あ、そうそう。パフにタカタという入社5年目の営業マンがいる。営業成績はいまいちなんだけど、一昨日とてもいい提案をしてきた。提案のタイトルは「就職情報会社に必要なこと」。昨夜はそのことも話題に出た。提案書の中身はさすがにオープンにできないのだが、あとがきだけを下にコピペしておこう。なかなかの名文だ。これからの就職情報会社を変えてくれるのは「売れない営業マン」なのかもしれない。僕も昔(リクルートにいたころ)は、売れない営業マンだったしね。
さて、本日は朝から歯医者だったんだけど、この後は家に篭る。先週、娘とのチャンネル争いに敗れて観られなかった龍馬伝もさっき観た。他にも録りためていたテレビ番組や、買い溜めていた本が山ほどある。時間が足りない。インプットが追い付かないなあ。

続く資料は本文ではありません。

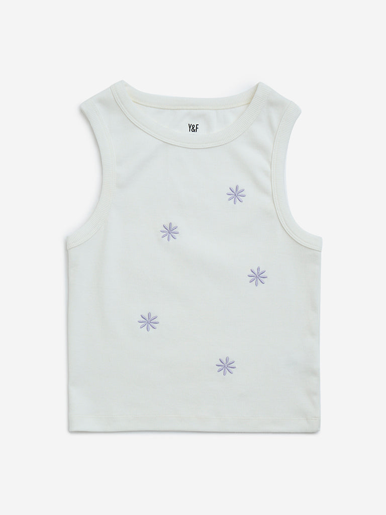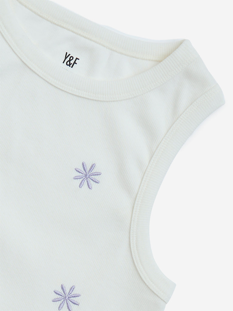 Y&F Kids White Floral Embroidered Cotton-Blend Top
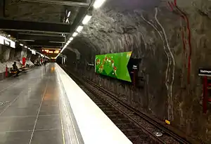 Stadshagen metro station is a station on the blue line of the Stockholm metro, located in the district of Stadshagen. The station was inaugurated on 31 August 1975 as part the first stretch of the Blue Line between T-Centralen and Hjulsta. The trains were running via Hallonbergen and Rinkeby.[2] The distance to Kungsträdgården is 3 km (1.9 mi).
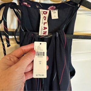 Anthropologie - Dolan Left Coast Women’s Navy Embroidered Rainbow Striped Halter Cotton Pants Jumpsuit
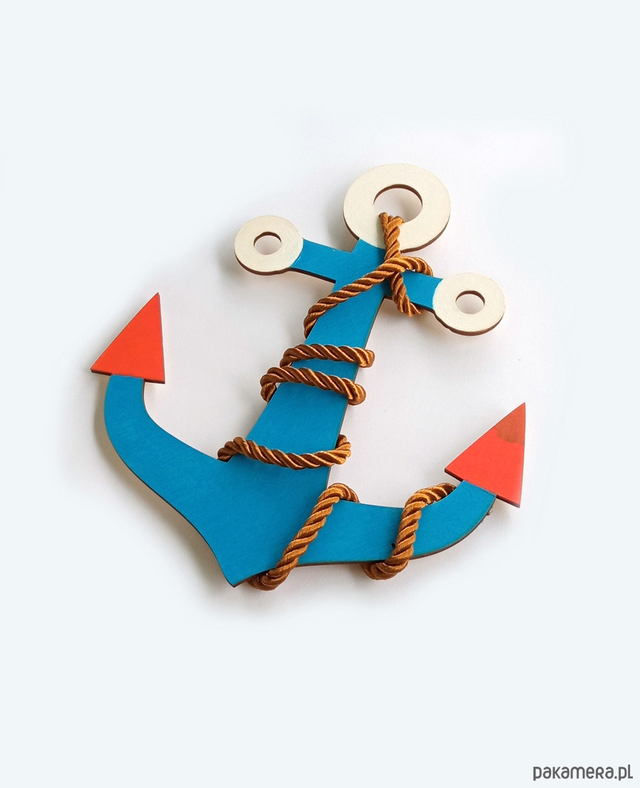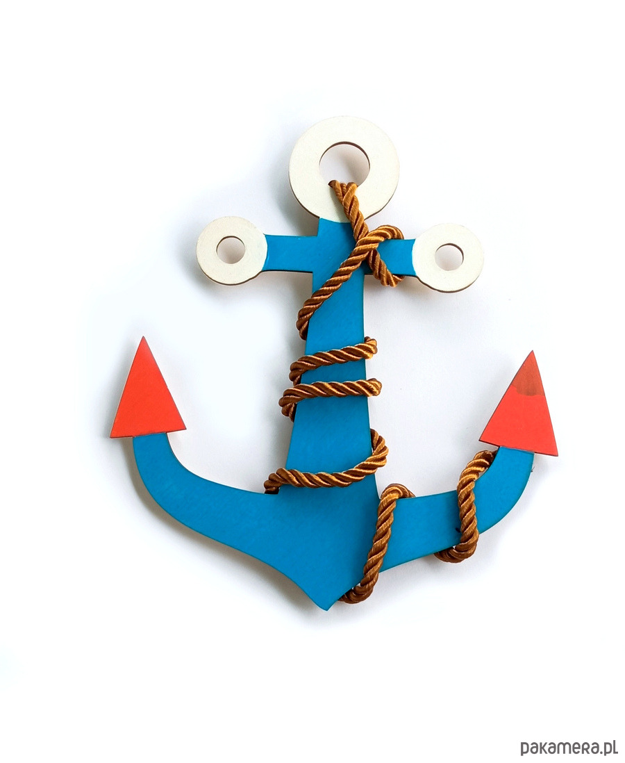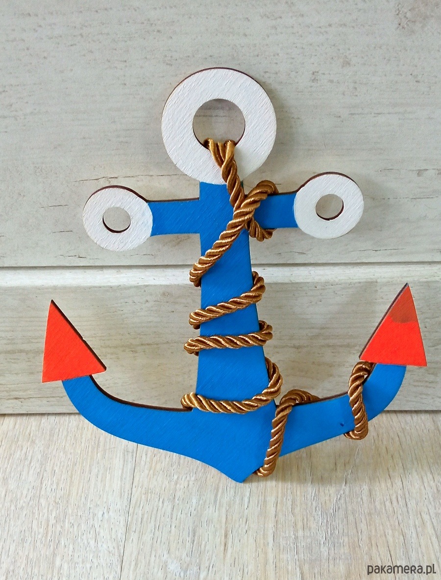 Kotwica wykonana ze sklejki, malowana farbami akrylowymi, zdobiona ozdobnym sznurkiem.
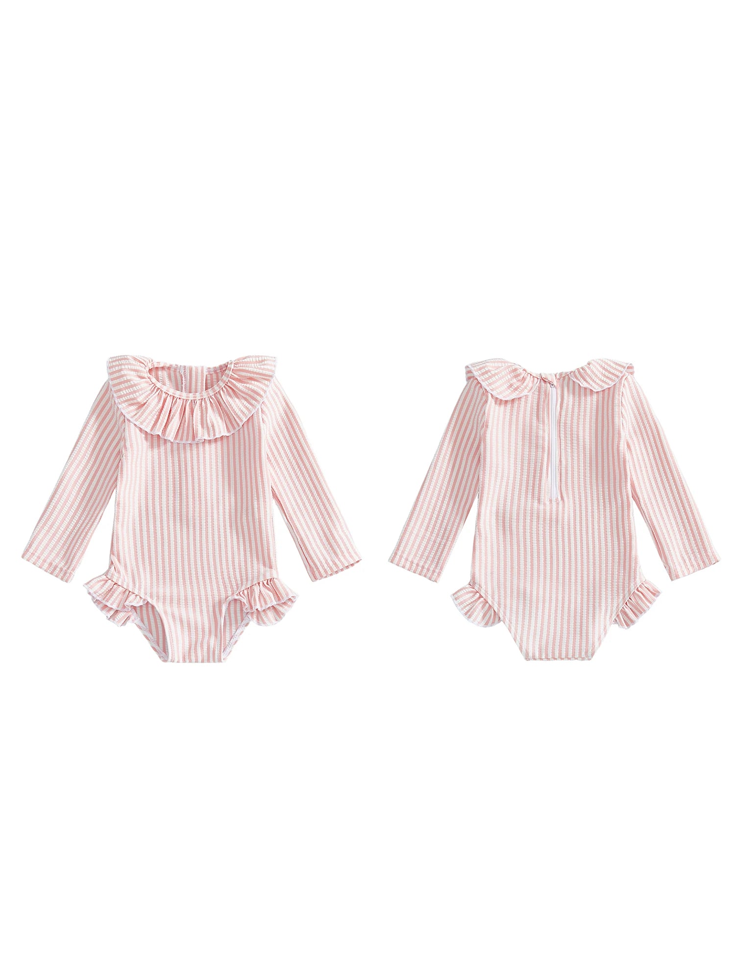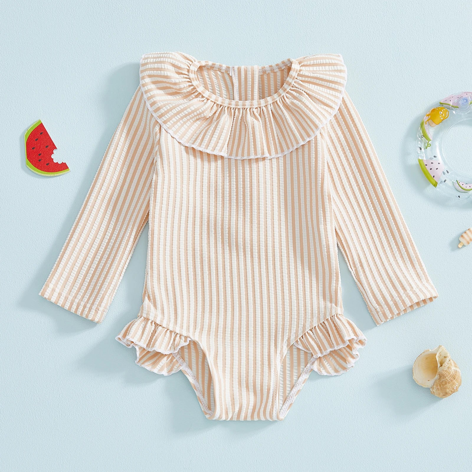 Baby Toddler Girl Rash Guard Swimsuit Long Sleeve Ruffled Collar Striped Swimwear Bathing Suit for Beach Pool

では、以下、タカタの提案書の「あとがき」をご覧ください。
1968年。
江副氏が就職ジャーナルを創刊した。
リクルートの営業マンが、鬼気迫る思いで全国からかき集めた就職情報は、圧倒的弱者であった若者にとって非常に貴重なものであった。
また、企業としても(特に中小企業にとっては)、今まで会えなかった人を採用できるという革命的な価値があった。
リクルートがいなければ、新卒文化はこれほどまでに日本に根付かなかったと思う。
リクルートは、闇に包まれた就職情報を学生に開放した革命運動家であった。
それから、42年。
就職業界は、江副氏のモデルを引き継いだだけであり、本質的には何も変わっていない。
それどころか、長い年月を経て、革命家は独裁者となった。
ナポレオン、カストロ、レーニン、金日成 、毛沢東。いずれも長期にわたる権力が革命家を独裁者に変えた。
Rは、独裁者である。
学生のための情報の公開という思想を忘れ、情報の独裁者になった。
企業はRがいなければ採用ができなくなったし、それだけならまだしも、自分のライバルを市場から締め出そうとしている。
まさしく、独裁者である。
就職業界は変っていないが、世の中は変ってきている。
テレビは見られなくなり、音楽が買われなくなり、新聞・雑誌も読まれなくなった。いつでも低コストで、文字、写真、音声、映像を簡単に伝えられるようになった。
世の中に情報の独裁者は、必要がなくなってきている。
独裁者が操作する情報をありがたく受け取る必要はなく、情報はみんなで発信し、みんなで共有するものになった。
もう一度、歴史の話に戻るなら、独裁者は、常に民衆の力によって駆逐される運命にある。
今度の革命は、一人の天才が起こすものではない。一人ひとりが自分の範囲で起こすものだ。
もう一度、就職情報を学生の手に。
就職情報会社に操作された情報ではなく、働く人の生の情報を学生のもとに届ける。
今学生に必要なのは、誰か知らない人が届ける情報ではなく、顔の見える信頼する人が届ける血の通った情報だ。
必要なのは、一方通行の情報ではなく、双方向な情報だ。
もう一度、人々がイキイキと働くことを語れる世の中にしよう。